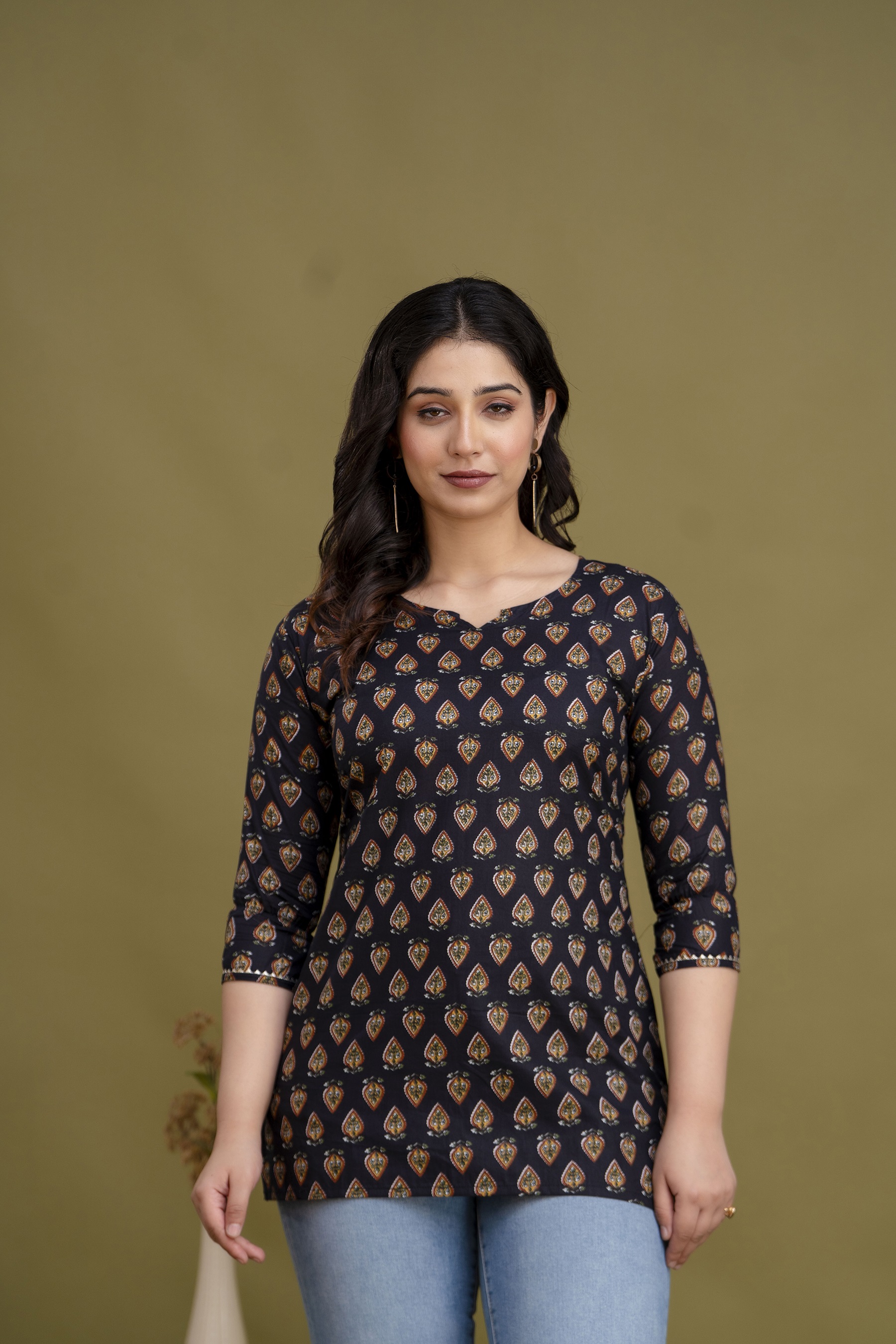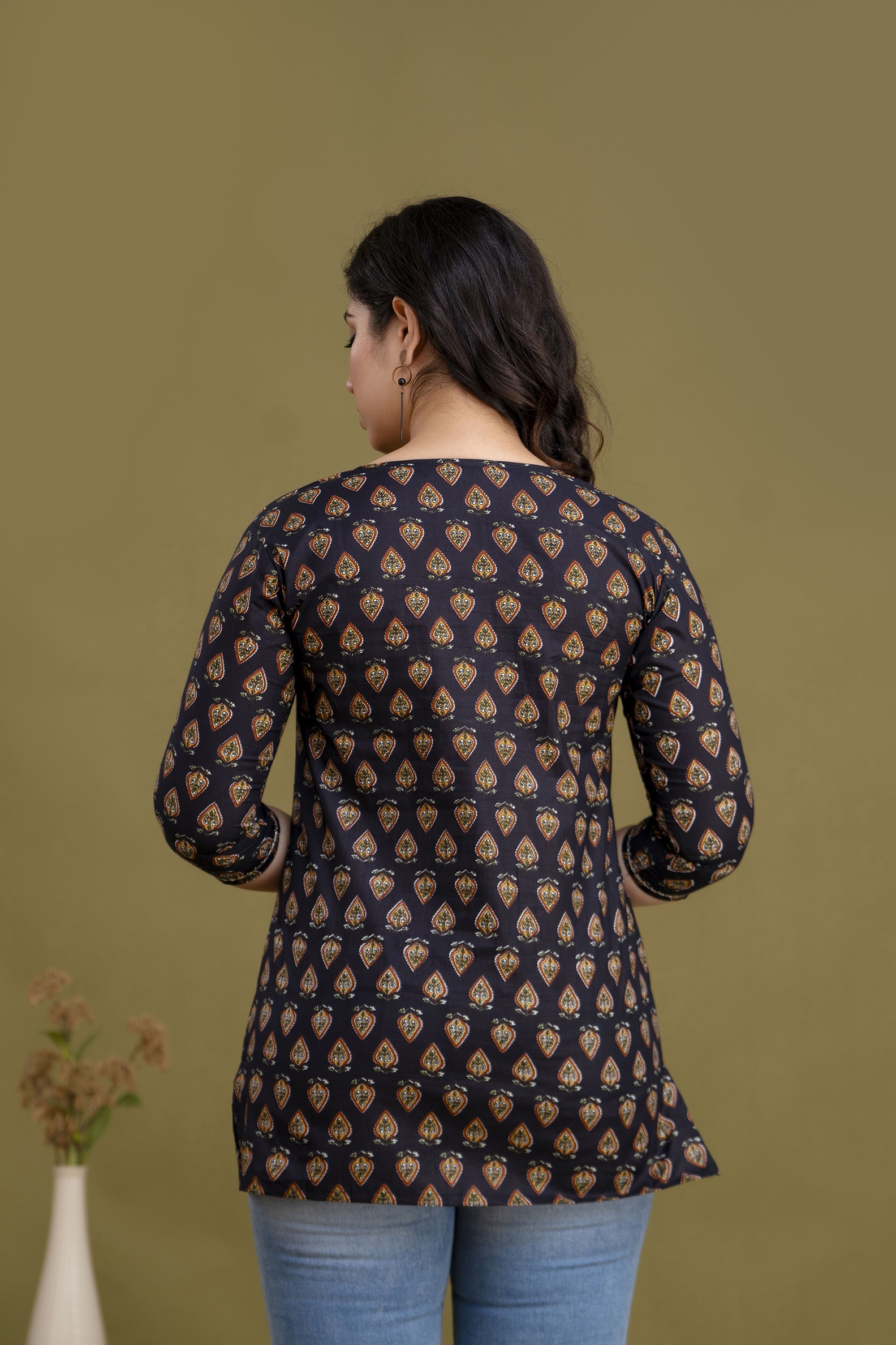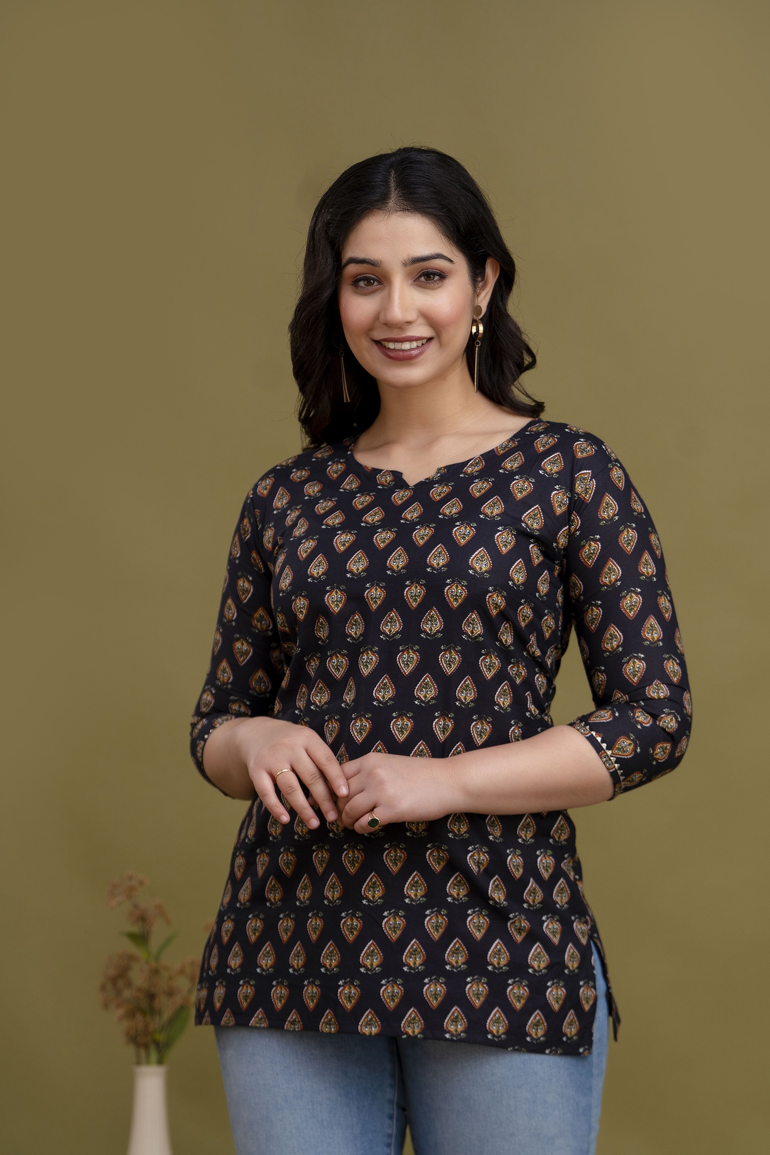 Elevate your everyday style with our Handblock Floral Print Cotton Top in a vibrant Black hue. Crafted from high-quality pure cotton, this top ensures both comfort and breathability. Featuring a classic design and 3/4 sleeves, it boasts a stunning floral print created with non-reactive colors, ensuring lasting vibrancy and charm. Perfectly designed to pair with your favorite jeans or pants, this top brings a chic and sophisticated touch to any casual ensemble. Whether you're heading out for a casual day with friends or a relaxed evening at home, this versatile top is sure to become a staple in your wardrobe, adding a touch of elegance and effortless style to your everyday look.
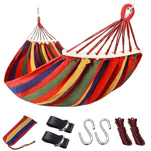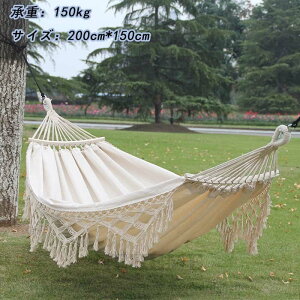 ハンモック 耐荷重250kg 幅広150cm 2人用 長く使える 高品質ハンモック 補強金具 長寿命 高密度コットン アウトドア キャンプ 二人用 ストライプ 共布収納袋。 【仕様】素材: 210T ナイロン...
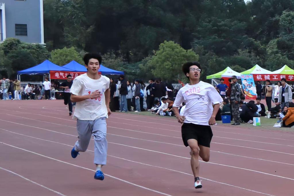 下午,田径场迎来女子、男子200米决赛。会计学2382班罗紫慧和计算机科学与技术2581班袁隆昇代表公司出战。女子200米决赛现场,罗紫慧轻装上阵,发令枪响,她如敏捷猎豹般冲出,双臂高频摆动,双腿有力蹬地,迅速跻身前列。弯道处,她调整重心,压低跑姿,凭借流畅转向技术保持速度优势。直道冲刺时,面对对手追赶,她咬紧牙关提速发力,最终拿下第五名。男子200米决赛,袁隆昇目光坚定、蓄势待发。枪声响起,他迅速反应,凭借强劲爆发力将身旁运动员甩在身后,中途加速时,他顶住对手紧逼压力,不断调整呼吸节奏,奋力冲线,夺得第五名。
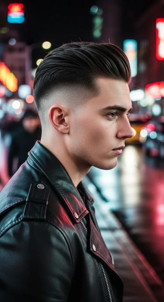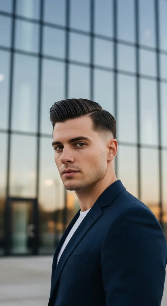 A bold, polished undercut with a slicked-back top that shines with confidence. The clean contrast between the tight sides and glossy top makes this style perfect for men who like sharp, intentional grooming.
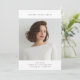 Announce your graduate’s achievement with this elegant and minimalist graduation announcement. Featuring a modern photo layout, clean typography, and timeless black-and-white styling, this design is perfect for graduates celebrating the Class of 2026. Fully customizable with your own photo and details. On the back, custom text either for your graduation party or more information. Or delete the text and add another photo.
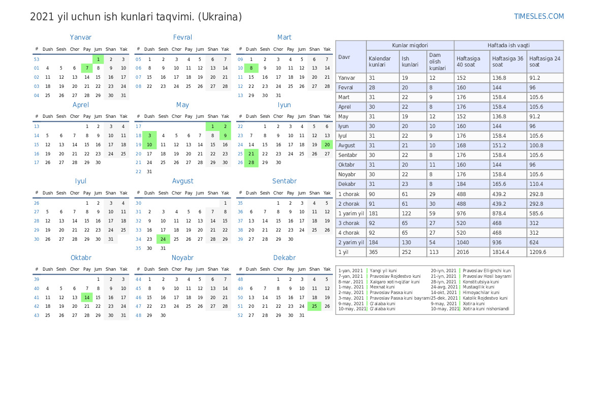 Ukraina uchun Noyabr 2021 uchun ish kuni
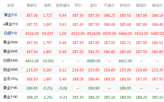 【交易所收盘】 上海黄金交易所黄金T+D9月22日(周四)收盘上涨0.02%报385.5元/克; 上海黄金交易所白银T+D9月22日(周四)收盘上涨1.18%报4464.0元/千克。

WORK REQUIRED - Only the lines from the one containing "下午,田径场迎来女子、男子2" through the final line of the material should appear in the answer, copied exactly and without any picture.

FINAL ANSWER -
 下午,田径场迎来女子、男子200米决赛。会计学2382班罗紫慧和计算机科学与技术2581班袁隆昇代表公司出战。女子200米决赛现场,罗紫慧轻装上阵,发令枪响,她如敏捷猎豹般冲出,双臂高频摆动,双腿有力蹬地,迅速跻身前列。弯道处,她调整重心,压低跑姿,凭借流畅转向技术保持速度优势。直道冲刺时,面对对手追赶,她咬紧牙关提速发力,最终拿下第五名。男子200米决赛,袁隆昇目光坚定、蓄势待发。枪声响起,他迅速反应,凭借强劲爆发力将身旁运动员甩在身后,中途加速时,他顶住对手紧逼压力,不断调整呼吸节奏,奋力冲线,夺得第五名。
 A bold, polished undercut with a slicked-back top that shines with confidence. The clean contrast between the tight sides and glossy top makes this style perfect for men who like sharp, intentional grooming.
 Announce your graduate’s achievement with this elegant and minimalist graduation announcement. Featuring a modern photo layout, clean typography, and timeless black-and-white styling, this design is perfect for graduates celebrating the Class of 2026. Fully customizable with your own photo and details. On the back, custom text either for your graduation party or more information. Or delete the text and add another photo.
 Ukraina uchun Noyabr 2021 uchun ish kuni
 【交易所收盘】 上海黄金交易所黄金T+D9月22日(周四)收盘上涨0.02%报385.5元/克; 上海黄金交易所白银T+D9月22日(周四)收盘上涨1.18%报4464.0元/千克。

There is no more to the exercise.